The idea that mountain and water beings have names and that people who are struck by lightning undergo an initiation that allows them to speak to the spirits in their dreams sounds completely plausible to me [laughs]. In a context where systems such as mountains or volcanos are understood to be alive and to have agency, why not engage directly with them? We are talking here about ‘technologies of relation’. They have existed in these areas for millennia. Of course, this can’t be easily understood from a modern, colonial, Western perspective. In the West we believe in science, in the laboratory, where it’s all about ‘truth’ and everything needs to be provable. Mountains and water are seen as objects, not as beings. A lab is a place where we isolate that which is being known from its relations with others.  While this does generate a certain form of knowledge, I think that performance – and by that I don’t mean in the sense of theatre, but in the sense of doing an action, embodying something, entering into a relationship with an other, no matter whether it’s a human, an animal or, why not, the weather – is also a way of gaining understanding. It’s a different understanding. It’s a very different approach that also creates a very different world of meaning.

If you conduct research at a university you need to have an outcome, a conclusion. How does that work in your case? Does it take the form of your performances, videos and lectures?

Yeah, that’s a tricky one. For Volume 3, The School of the Jaguar I conducted research on pre- Spanish and pre-Portuguese Amerindian iconography of the continent, especially into figures that represent humans, plants and animals at the same time. What I learned – partly through books, but mainly through physical practice – is that in the Amerindian context, identity is plural and you can shift your perception to that of an animal or plant. This notion of transformation doesn’t belong to the past here: today it’s still practised in the Amazon and in many other places. Experiencing it myself made it abundantly clear to me that the modern colonial and Western concept of identity is not universal. In fact it doesn’t really appear to be sustainable anymore, as the queer movement is demonstrating. It’s too narrow. Too limited.

What’s interesting about artistic research in performance is that, through exchanges with indigenous practitioners, it can be a meeting place.

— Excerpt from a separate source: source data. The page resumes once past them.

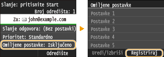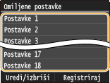 Za uređivanje i brisanje registriranih postavki, idite na <Skeniraj>  <E-pošta>/<I-Faks>/<Datoteka>  <Omiljene postavke>  <Uredi/izbriši>  <Uredi> ili <Izbriši> i zatim slijedite niže navedene korake.
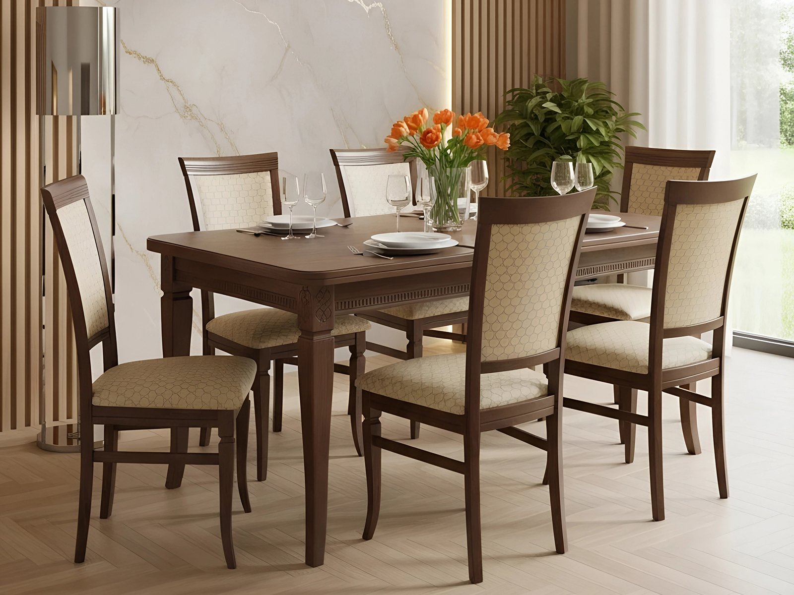 Стол обеденный раздвижной Фидея 3 классической формы, сочетание натуральных материалов, и стильной отделки создаёт благородный и праздничный вид. Ножки изготовлены из массива бука – пожалуй, самой твердой породы дерева из тех, что принято использовать при производстве мебели в нашей стране. Столешницы выполнены из мдф покрытого шпоном натурального ясеня. Ясень – это дерево, отличающееся кроме прочности, одним из самых красивых рисунков текстуры.
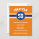 Royal Blue Stripes and an orange background highlight this sport themed birthday party invitation. The design includes a sports jersey design with an area to highlight the Birthday Boy's Name and Age.
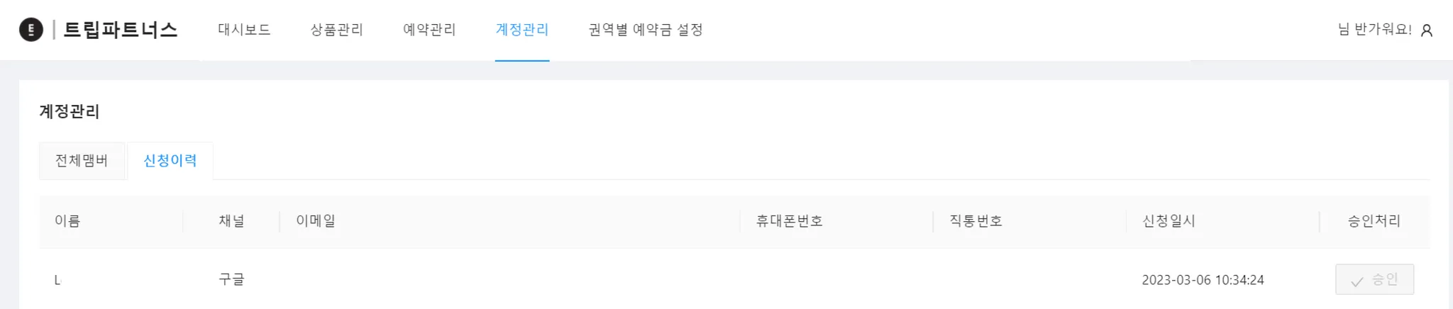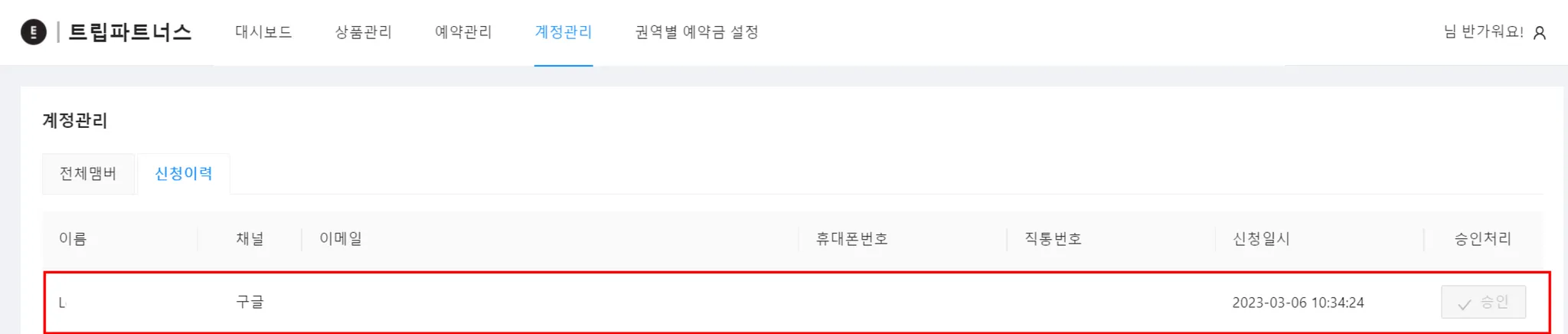 트립파트너스에 회원가입을 신청한 계정 확인이 가능해요.
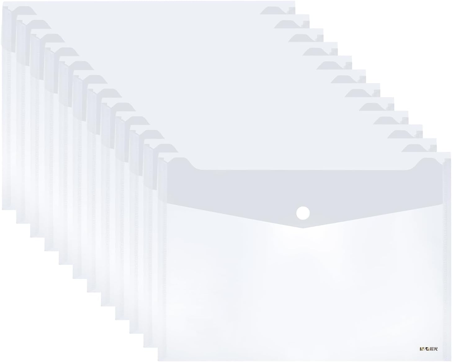 M&G 12 Pack Plastic Envelopes File Folders, Clear Folders for Documents A4 Letter Size Poly Envelopes with Snap Button Closure, Use for School Home Office Suppiles Organizer
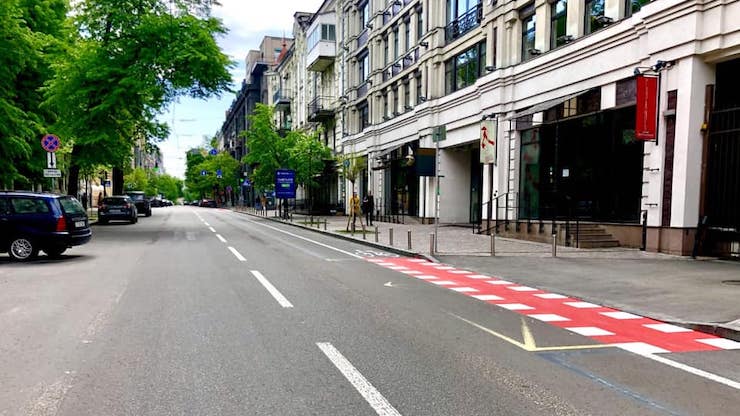 Автомобіль на велосмузі видно було навіть на фото, які опублікував заступник голови КМДА Олександр Густєлєв другого травня, розповідаючи про нову велосмугу.
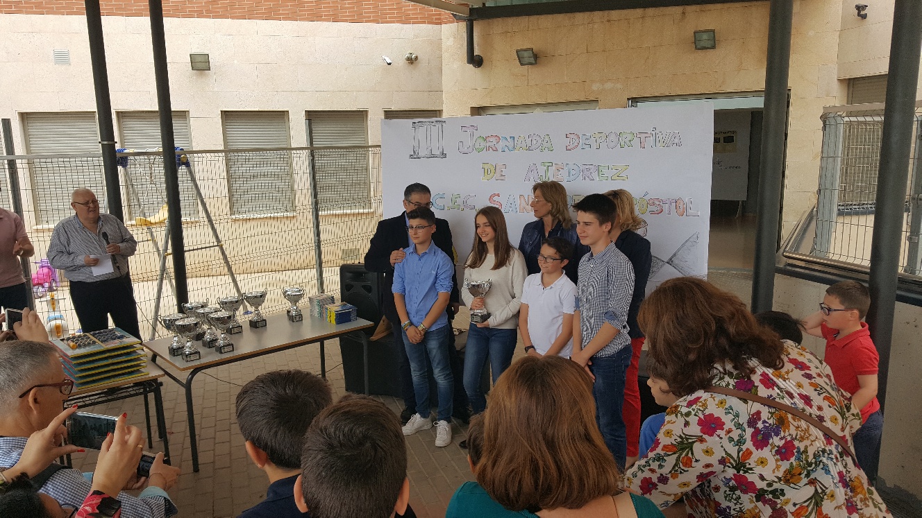 EL COLEGIO NOS OFRECIÓ CON UN DESAYUNO, TANTO A NIÑOS, COMO A PADRES, LOS CUALES FUERON MUY NUMEROSOS. EN LA ENTREGA DE TROFEOS, TODOS LOS EQUIPOS RECIBIERON EL SUYO Y LOS NIÑOS DE 5 Y 6º DE PRIMARIA, RECIBIERON MATERIAL ESCOLAR, ASÍ COMO JUEGOS DE AJEDREZ, PARA PRACTICAR EN CASA.
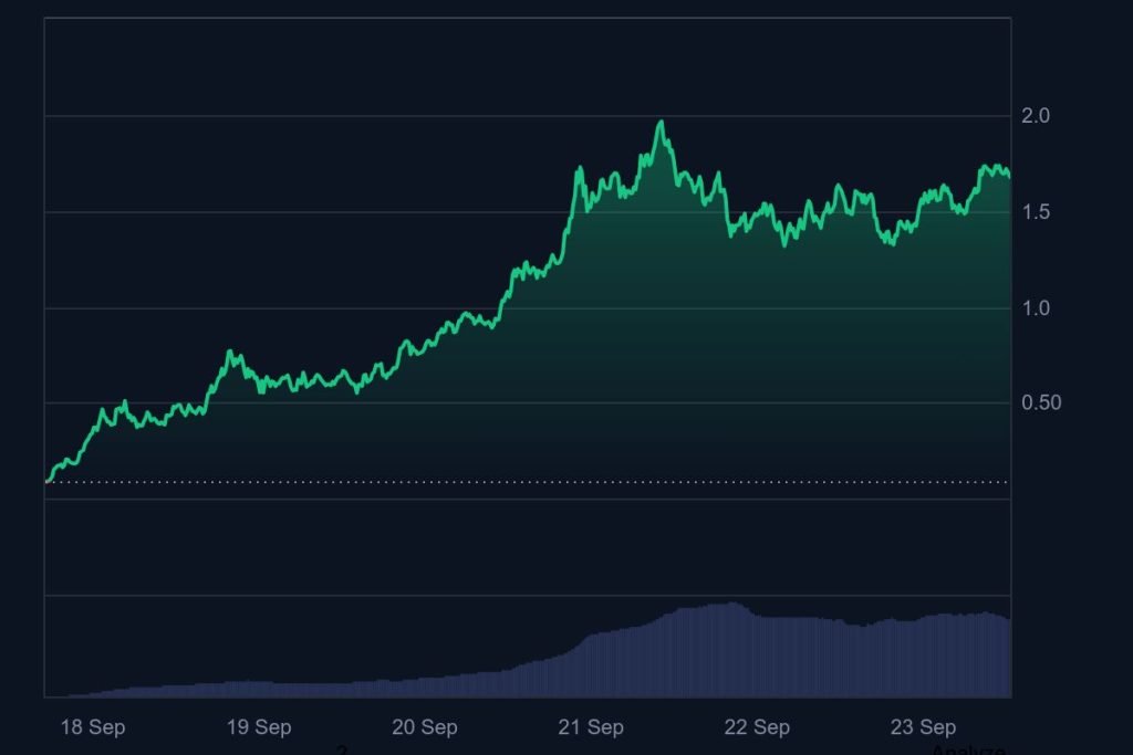 The backing from CZ created significant hype around the Aster token. The project’s narrative, which combines a decentralized exchange model with a native stablecoin, looked promising at first. The price surged by about 2,250% in the week after launch. Most of the action took place over the weekend of Sept. 20-21. On Sunday, the token traded close to $2, even though it had started below $0.09.
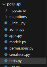 polls_api 폴더로 이동해보자. 생성한 앱에는 자동으로 test.py 파일이 존재하는 것을 볼 수 있다.
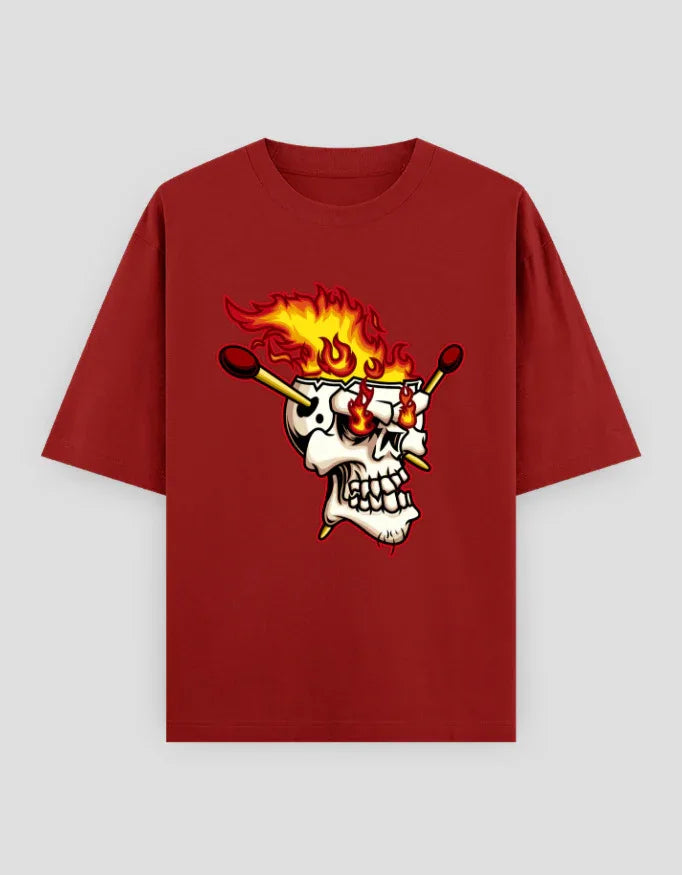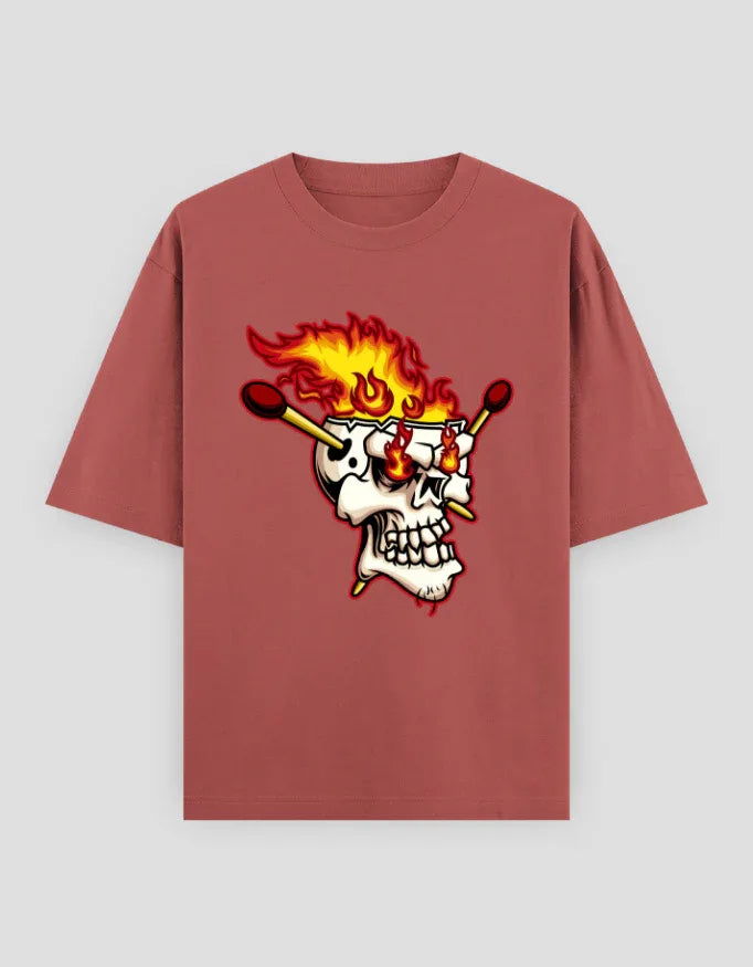 Fiery Skull Graphic Oversized Classic T-Shirt for Men
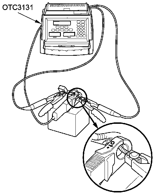 1. Connect the alternator, regulator, battery, and starter tester (OTC3131) to the battery as shown.
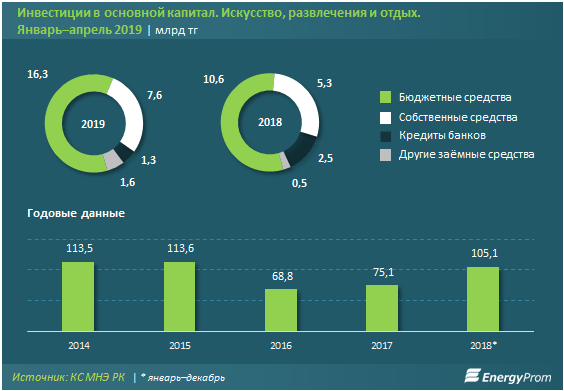 По итогам прошлого года* инвестиции в сферу искусства и досуга составили 105,1 млрд тенге. Заметим, в соответствующем периоде, после резкого сокращения инвестиций в 2016 году до 68,8 млрд тенге для капвложений, для сектора характерна положительная динамика.

Both of us are engaging in dance and movement, and regard it as important in the sense that dance is not just about representation – it can really generate something; dance can be a teacher.

What do you mean?

I work with ready-mades: movements that have been passed on from generation to generation. You could say that re-embodying these ‘fossilised experiences’ conveys a specific form of knowledge. The anthropocentric gaze we have inherited and learned – especially in the arts, with ideas surrounding authorship and the ‘genius artist’ who places something in the world – is so different from the indigenous vision on dance and movement. For example, in the indigenous tradition they say ‘we lift the dance together … we carry the dance together … and the dance transforms us.’ The entire concept of subject and object goes out the window, and the dance itself is a participant.